When Parliament passed the Bankruptcy Act in 1919, there was a great deal of optimism in the business community. Canada was at last joining the United States and the United Kingdom as a jurisdiction with a permanent bankruptcy statute. But the ideal of a problem free bankruptcy regime was not entirely realized in the 1920s. By 1923, Quebec MPs called for the repeal of the Bankruptcy Act on the basis that it interfered with provincial jurisdiction over property and civil rights. The introduction of a federal bankruptcy law was a radical idea in 1920 as it came on the heels of nearly forty years of provincial regulation of debtor-creditor matters, and many in Quebec did not accept the federal intrusion into provincial affairs. Although this repeal movement failed, much of the 1920s was taken up with the constitutional question of whether provisions of the Bankruptcy Act were unconstitutional.

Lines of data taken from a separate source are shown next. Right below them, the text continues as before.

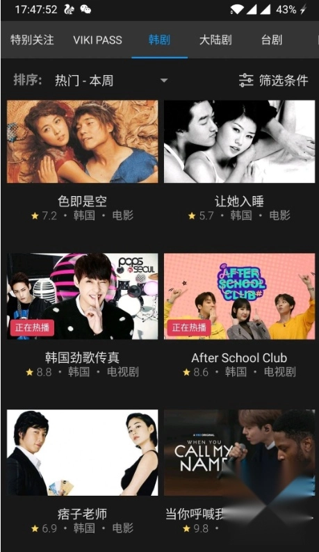viki是一款汇集了全球电影、电视资源的影视应用程序,它提供超过150种语言的字幕翻译服务。用户可以在viki中便捷地找到国产电影或电视剧,并且能够选择用于语言学习的字幕,如此一来,既能体验观影的乐趣,又能提高外语能力。viki上的全球视频节目均可免费观看,还能依据热门、本周更新等筛选条件来查找影视内容。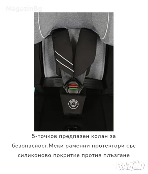 Защитна система: 5 - точков предпазен колан с меки подплънки•Isofix система за безопасност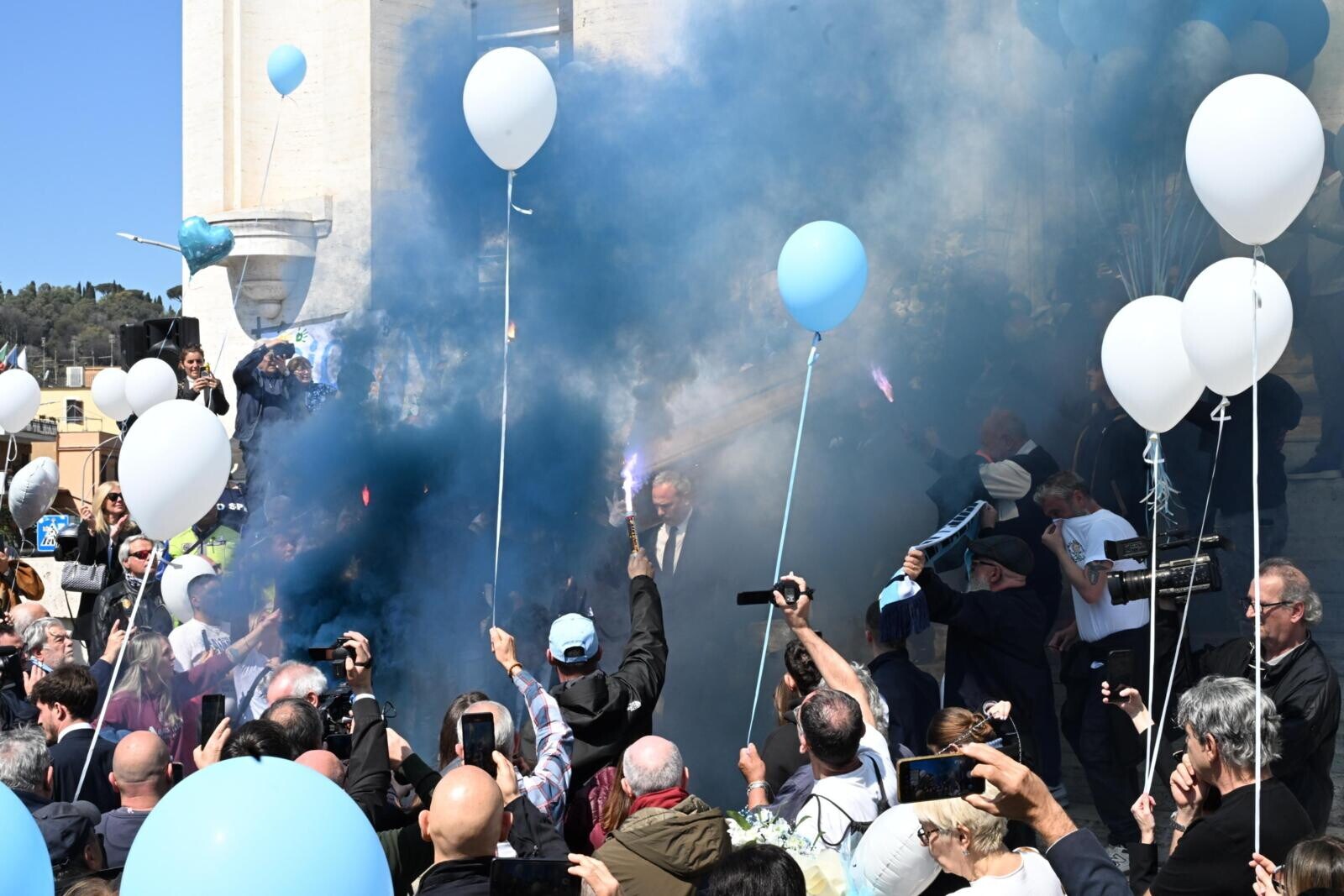 I tifosi della Lazio commossi, la Roma ha mandato una corona: tutte le immagini dell'ultimo saluto a Ponte Milvio

The 1920s was also an era of trustee misconduct. The Bankruptcy Act created the new office of a trustee in bankruptcy. In contrast to today, the Bankruptcy Act did not regulate private sector trustees. Authorized trustees were appointed by the Governor in Council after the applicant submitted an application to the Secretary of State. The lack of regulation would see trustees operate in an unfettered manner in the 1920s, leading to many complaints about trustee incompetency and corrupt trustee practices, including trustee collusion with debtors and creditors. These complaints eventually led to the appointment of a Superintendent of Bankruptcy in 1932 and the introduction of a licensing regime.
H.P. Grundy could not have anticipated all of the changes to business and the economy that followed in the next 100 years. For example, the reorganization of insolvent companies was well beyond the vision of the drafter. The Great Depression would ultimately lead to the enactment of the Companies’ Creditors Arrangement Act in 1933.
The Bankruptcy Act is a landmark piece of legislation that still influences the Bankruptcy and Insolvency Act today. The statute re-introduced bankruptcy law to the country after a long absence, entrenching a permanent regime providing for the equitable distribution of assets and a discharge.
Virtual Conference to Mark 100 Years of Bankruptcy and Insolvency Law in Canada
On May 14-15, 2021 Western University Faculty of Law will host a virtual conference to mark the centenary of the Bankruptcy Act. The conference will provide an opportunity to reflect upon the evolution of bankruptcy and insolvency law (including corporate restructuring) in Canada and internationally, and to identify the challenges that lie ahead for scholars, policymakers, and the courts.
A selection of conference papers will be published in a special commemorative volume of the Canadian Business Law Journal.
[1] Jacob Ziegel, “Canada’s Phased-In Bankruptcy Law Reform” (1996) 70:4 Am Bankr LJ 383 at 386.